The judicial branch of the federal government is having their say and two federal courts have concluded that the individual mandate within ObamaCare is unconstitutional. Judge Roger Vinson of the U.S. District Court for the Northern District of Florida struck down ObamaCare because of the individual mandate yesterday.
Judge Vinson wrote the following:
It is difficult to imagine that a nation which began, at least in part, as the result of opposition to a British mandate giving the East India Company a monopoly and imposing a nominal tax on all tea sold in America would have set out to create a government with the power to force people to buy tea in the first place. If Congress can penalize a passive individual for failing to engage in commerce, the enumeration of powers in the Constitution would have been in vain for it would be ‘difficult to perceive any limitation on federal power’ and we would have a Constitution in name only.
Judge Vinson sided with Alabama, Alaska, Arizona, Colorado, Florida, Georgia, Idaho, Indiana, Iowa, Kansas, Louisiana, Maine, Michigan, Mississippi, Nebraska, Nevada, North Dakota, Ohio, Pennsylvania, South Carolina, South Dakota, Texas, Utah, Washington, Wisconsin, and Wyoming to hold that “The Patient Protection and Affordable Care Act” is unconstitutional.
Conn Carroll of The Foundry argues that this idea needs to be expunged from the law books.
The United States economy, and the American people, cannot wait for the Supreme Court to render a final decision.

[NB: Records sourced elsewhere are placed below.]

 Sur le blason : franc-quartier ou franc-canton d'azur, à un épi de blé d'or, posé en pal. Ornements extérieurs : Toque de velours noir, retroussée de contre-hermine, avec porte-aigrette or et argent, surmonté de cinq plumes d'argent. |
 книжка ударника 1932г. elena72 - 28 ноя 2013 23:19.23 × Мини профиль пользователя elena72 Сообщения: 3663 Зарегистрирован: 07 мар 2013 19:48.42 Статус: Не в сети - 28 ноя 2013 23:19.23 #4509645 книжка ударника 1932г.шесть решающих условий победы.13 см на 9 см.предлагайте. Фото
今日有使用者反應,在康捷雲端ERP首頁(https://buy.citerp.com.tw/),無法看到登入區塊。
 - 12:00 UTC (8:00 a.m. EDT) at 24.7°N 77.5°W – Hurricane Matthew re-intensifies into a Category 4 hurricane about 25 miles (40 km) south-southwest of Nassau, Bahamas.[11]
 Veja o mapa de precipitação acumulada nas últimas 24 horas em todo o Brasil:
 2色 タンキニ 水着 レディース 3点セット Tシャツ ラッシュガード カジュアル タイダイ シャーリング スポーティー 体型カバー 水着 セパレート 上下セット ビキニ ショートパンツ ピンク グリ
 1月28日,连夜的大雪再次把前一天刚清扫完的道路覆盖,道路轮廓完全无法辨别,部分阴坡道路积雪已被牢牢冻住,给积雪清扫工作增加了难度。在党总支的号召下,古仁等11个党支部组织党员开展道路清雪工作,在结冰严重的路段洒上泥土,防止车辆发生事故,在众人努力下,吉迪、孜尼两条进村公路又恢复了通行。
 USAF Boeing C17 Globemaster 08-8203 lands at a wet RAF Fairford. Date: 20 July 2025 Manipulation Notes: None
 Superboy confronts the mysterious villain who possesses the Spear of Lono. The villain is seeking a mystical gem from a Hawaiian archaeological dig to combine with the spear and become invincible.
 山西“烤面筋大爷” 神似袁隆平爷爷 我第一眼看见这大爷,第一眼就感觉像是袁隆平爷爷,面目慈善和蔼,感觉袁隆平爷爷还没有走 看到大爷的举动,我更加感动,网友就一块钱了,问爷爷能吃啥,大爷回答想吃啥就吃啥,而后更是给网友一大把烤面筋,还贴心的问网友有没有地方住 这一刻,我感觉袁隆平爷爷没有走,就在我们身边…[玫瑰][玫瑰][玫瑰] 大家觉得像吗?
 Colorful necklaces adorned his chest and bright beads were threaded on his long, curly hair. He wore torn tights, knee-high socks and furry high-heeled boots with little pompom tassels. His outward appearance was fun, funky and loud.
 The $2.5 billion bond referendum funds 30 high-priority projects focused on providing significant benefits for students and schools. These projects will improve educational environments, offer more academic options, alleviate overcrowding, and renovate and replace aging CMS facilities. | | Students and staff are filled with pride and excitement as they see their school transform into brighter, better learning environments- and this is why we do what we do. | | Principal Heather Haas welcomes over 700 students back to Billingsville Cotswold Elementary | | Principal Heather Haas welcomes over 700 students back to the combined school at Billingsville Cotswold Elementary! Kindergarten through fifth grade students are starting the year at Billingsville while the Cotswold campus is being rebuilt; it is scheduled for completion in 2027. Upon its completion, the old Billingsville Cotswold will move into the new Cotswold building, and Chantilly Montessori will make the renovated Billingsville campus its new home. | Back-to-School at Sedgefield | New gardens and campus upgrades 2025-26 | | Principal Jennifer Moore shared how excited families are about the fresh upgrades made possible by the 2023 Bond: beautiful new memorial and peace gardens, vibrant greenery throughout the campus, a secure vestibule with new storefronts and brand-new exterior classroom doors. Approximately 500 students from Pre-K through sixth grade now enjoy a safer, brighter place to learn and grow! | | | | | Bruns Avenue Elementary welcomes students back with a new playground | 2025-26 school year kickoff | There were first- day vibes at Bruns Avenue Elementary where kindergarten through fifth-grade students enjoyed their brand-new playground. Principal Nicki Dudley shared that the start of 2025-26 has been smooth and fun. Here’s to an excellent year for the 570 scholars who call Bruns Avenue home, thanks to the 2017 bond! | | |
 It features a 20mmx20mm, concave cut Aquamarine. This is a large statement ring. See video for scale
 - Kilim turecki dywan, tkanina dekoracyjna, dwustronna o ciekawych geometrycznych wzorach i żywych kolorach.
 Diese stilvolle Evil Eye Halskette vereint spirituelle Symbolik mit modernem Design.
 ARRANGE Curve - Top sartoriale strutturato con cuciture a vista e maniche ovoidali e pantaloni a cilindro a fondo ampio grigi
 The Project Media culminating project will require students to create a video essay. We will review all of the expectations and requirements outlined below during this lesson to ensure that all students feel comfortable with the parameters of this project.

Obamacare is not just a judicial question. It is a fundamental question about what kind of country we want to live in. Do we want an America of limited government and vibrant economic growth? Or do we want to move toward an unlimited European-style welfare state?
Mike Franc, Vice President for Government Relations at The Heritage Foundation argues that the Obama Administration should listen to the Florida court and suspend ObamaCare.
Now, the White House faces a simple and straightforward choice: Will President Obama abide by a decision arrived at by a federal district court judge pursuant to all applicable federal procedural niceties, or, unilaterally ignore the rule of law, as he has done in the past?
Any way you look at the issue, ObamaCare is in serious condition with the American people, the federal judiciary and Congress. If President Obama does not take the many legal and political challenges to his unconstitutional health care law seriously, he may force the federal Courts and the Congress to take extraordinary measures to erase ObamaCare from the Federal Code. Hopefully cooler heads prevail on the President to do the right thing, listen to the American people, the courts and Congress – repeal ObamaCare right now.